Eschewing the specifics of legislative history, Grassley relates how he and Phillips became acquainted via a staff member in the mid-1980s, which led to the genesis of the act. “We were fighting DOD and senators who were putting a hold on it,” he recalls, “and [Senator] Jesse Helms had a hold on the bill in his committee. Now you’d have thought that’d be the end of it, but I went to Jess and talked with him about it and he said, ‘You know, that’s not a bad idea.’”

Over the years, Grassley complains, court interpretations have undermined the law, and that makes him unhappy. “Maybe they didn’t understand it,” he says, leaning in close, poking his finger in a reporter’s thigh to make his point: “Do you know it’s brought $40 billion into the U.S. Treasury? Should you have to defend that? You wouldn’t think you’d have to.”

Deterrence has an even greater value, Grassley continues: “You got faceless people in the bureaucracy, you see, and maybe they’re thinking they want to defraud the government. But now maybe they’re thinking twice. So how do you measure that? You can’t measure that, ya know.”

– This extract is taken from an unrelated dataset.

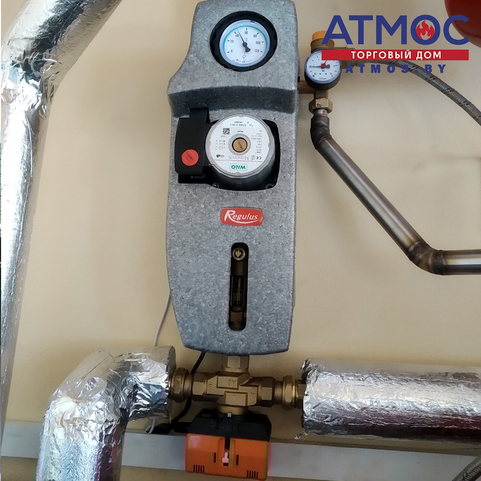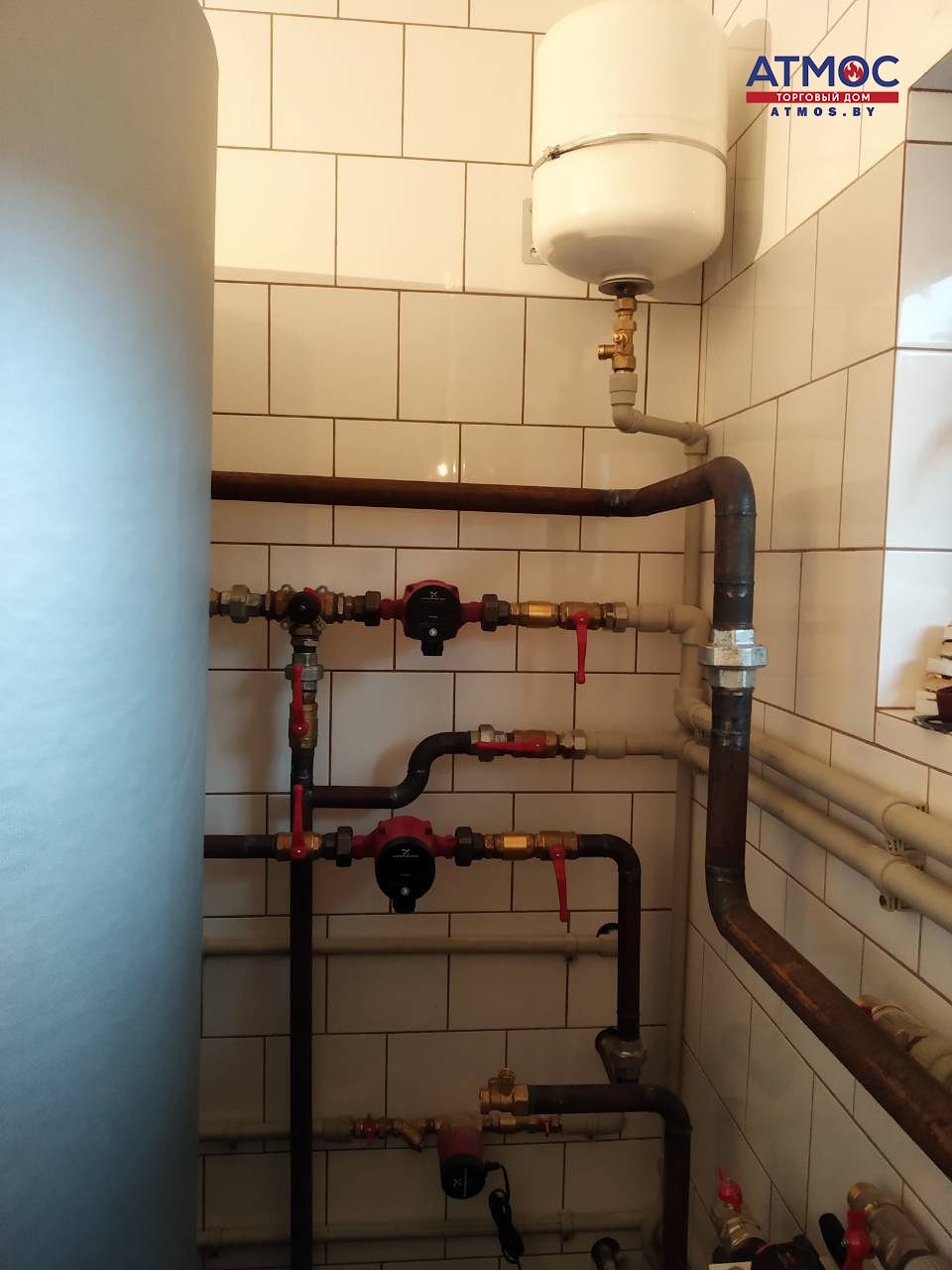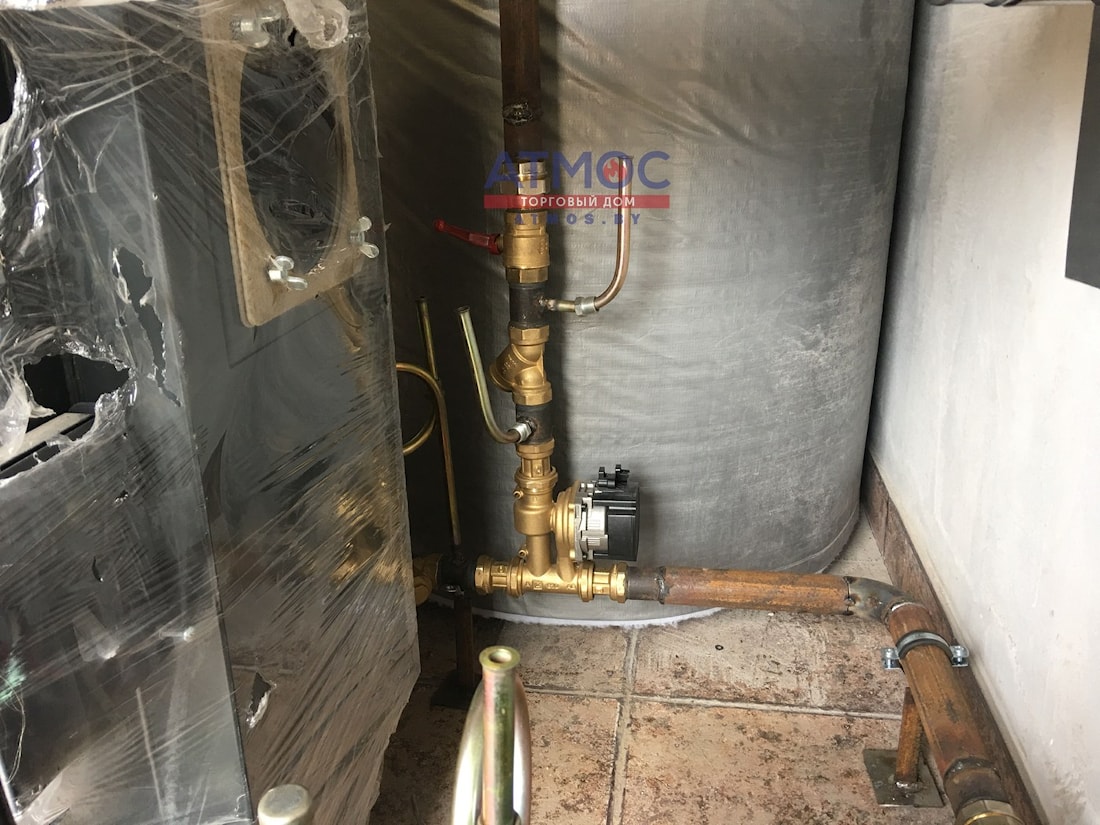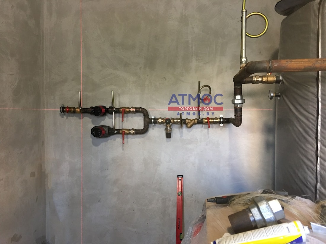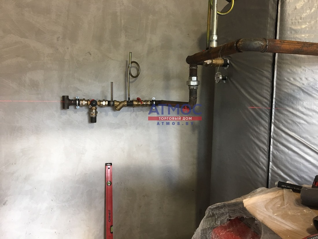 Монтажные работы по установке твердотопливного пиролизного котла ATMOS DC40SX с наружным утепленным дымоходом. Обвязка газогенераторного котла ATMOS DC40SX в административно-складском комплексе в г.Полоцке Витебской области выполнена стальной трубой с применением электрогазосварочных работ. Для энергоэффективного отопления предусмотрена установка аккумулирующей емкости на 1000л и разделение контуров для индивидуального отопления офисных помещений и складских. Для обвязки малого контура котла использована насосная группа REGULUS THERMOMAT LK810. Основные узлы - группа безопасности, трехходовый смесительный вентиль, вентиль против перегрева котла BVTS - чешского производителя REGULUS.

Aside from Congress and the corporations themselves, Grassley has choice words for the Justice Department for what he sees as an overly deliberate approach to intervening in whistleblower cases. “In the past, [the department] just thought about you as a private citizen filing a qui
tam action, but now they see it as, ‘Hey, this is making it look like we ain’t doing our job,’ so they may have accepted it more. They seem to be getting the feeling that they want to be a part of it. But not right away. No. They take their time and it’s slow, and it keeps the [whistleblower] from moving ahead. They oughta” – and here he pauses to glance at a staffer who gives him a nod – “do the job or get off the pot.”

No fan of lawyers in any context, Grassley reserves any sense of approval in this whole equation for the whistleblowers themselves – but in his typically blunt, unsentimental manner. “Most of ‘em get hurt professionally, ya know? They get treated like the skunk at the picnic,” he says, before heading off to greet another group from some Chamber of Commerce or another.

For Patrick Burns, it’s visionaries like Chuck Grassley and John Phillips, and expert legal “mechanics” like Erika Kelton and Eric Havian, who’ve made it possible for courageous figures like Matt Burke to hold Corporate America accountable for its fraudulent behavior. “You do good, you get good,” he says. “That’s true for Phillips & Cohen, and it’s true for successful whistleblowers. They’ve recovered billions of dollars for the taxpayers. They’ve changed corporate culture. And they’ve made millions for themselves on the backs of liars, cheats and thieves.”